Example tables and lists that illustrate the common data formats are supplied at the end of this chapter.
Overview
The OpenType Layout tables provide typographic information for substituting and positioning glyphs, operations that are required for correct text display of many scripts as well as for high quality typography. OpenType Layout data is organized by script, language system, typographic feature, and lookup.
At the top level, data is organized by script. A script is a collection of glyphs used to represent one or more languages in written form (see Figure 2a). For instance, a single script, Latin, is used to write English, French, German, and many other languages. In contrast, Japanese is written using three scripts: Hiragana, Katakana, and Kanji. With OpenType Layout, multiple scripts can be supported by a single font.
For each script, data is then organized by one or more language systems, which allows a font to support different typographic conventions for different language contexts. For example, Turkish has different upper and lower case relationships from most other languages written with Latin script, and that affects the glyph selection that is needed when a small caps feature ('smcp') is used.
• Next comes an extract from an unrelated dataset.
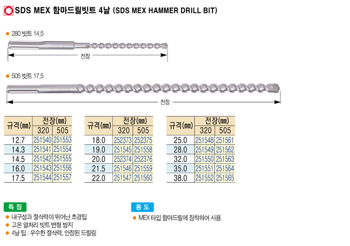 [žçÆÄ¿ö] SDS MEX ÇÔ¸¶µå¸±ºøÆ® 4³¯(SDS MEX HAMMER DRILL BIT) 320ºøÆ® 32.0mm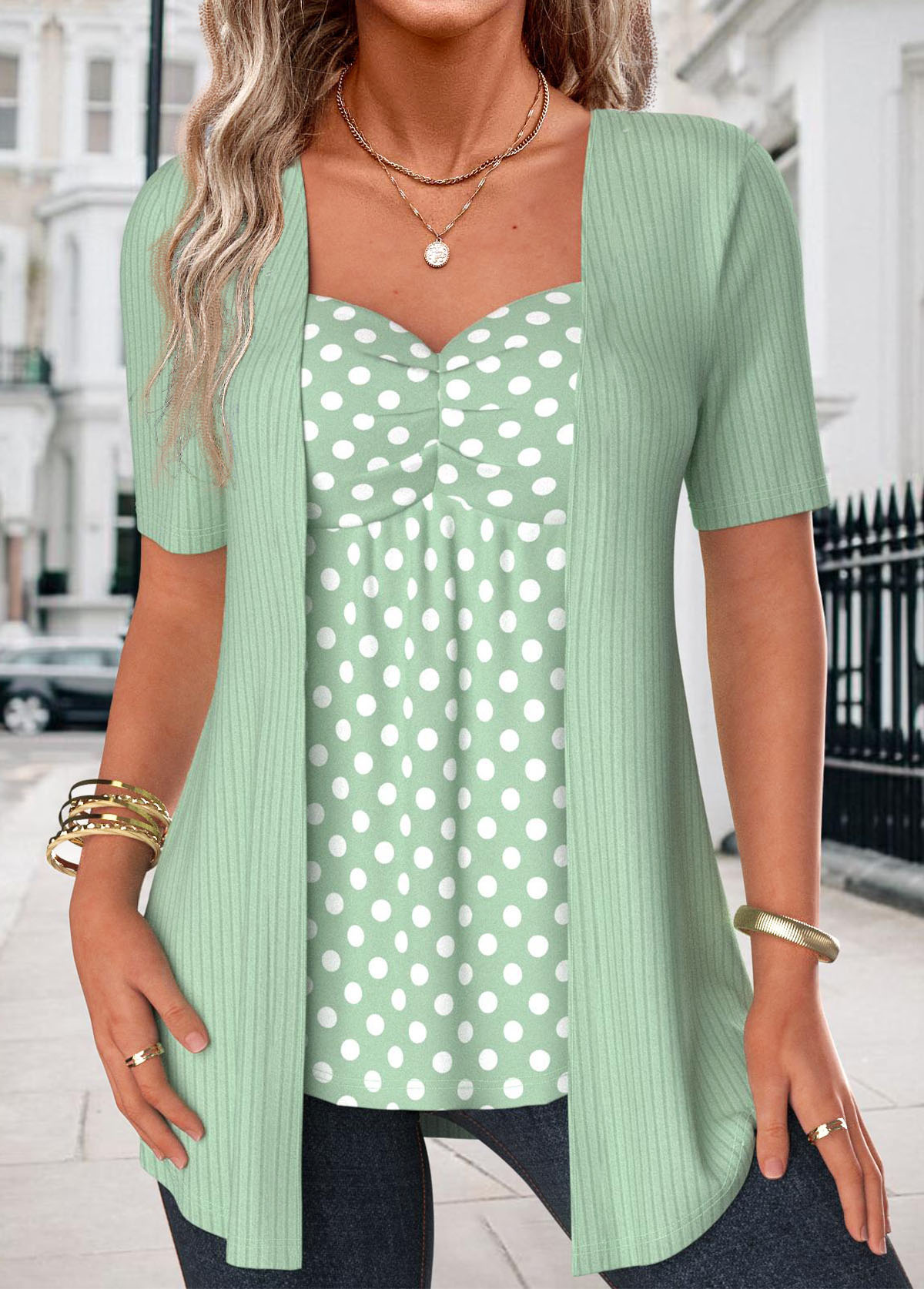 White Patchwork Short Sleeve Fake Two Piece Twinset

A language system specifies features, which represent typographic effects on glyphs. Some examples of features are a 'vert' feature for substituting vertical glyphs in Japanese, a 'liga' feature for using ligatures in place of separate glyphs, and a 'mark' feature for positioning diacritical marks with respect to base glyphs in Arabic.
In the absence of language-specific rules, a default language system specifies features to be applied for the given script. For instance, a default language system feature for the Arabic script would specify features to substitute initial, medial, and final glyph forms based on a glyph’s position in a word.
An application may use its own criteria to determine when to use a specific language system or the default language system. When doing layout for a run of text, it uses features specified by one or the other, but not both.
Features are implemented with lookup data that the text-processing client uses to substitute and position glyphs. Lookups describe the glyphs affected by an operation, the type of operation to be applied to these glyphs, and the resulting glyph output.
A font may also include FeatureVariations data within a GPOS or GSUB table that allows the default lookup data associated with a feature to be substituted by alternate lookup data when particular conditions apply. Currently, this mechanism is used only for variable fonts using OpenType Font Variations.
OpenType Layout and Font Variations
OpenType Font Variations allow a single font to support many design variations along one or more axes of design variation. For example, a font with weight and width variations might support weights from thin to black, and widths from ultra-condensed to ultra-expanded. For general information on OpenType Font Variations, see the chapter, OpenType Font Variations Overview.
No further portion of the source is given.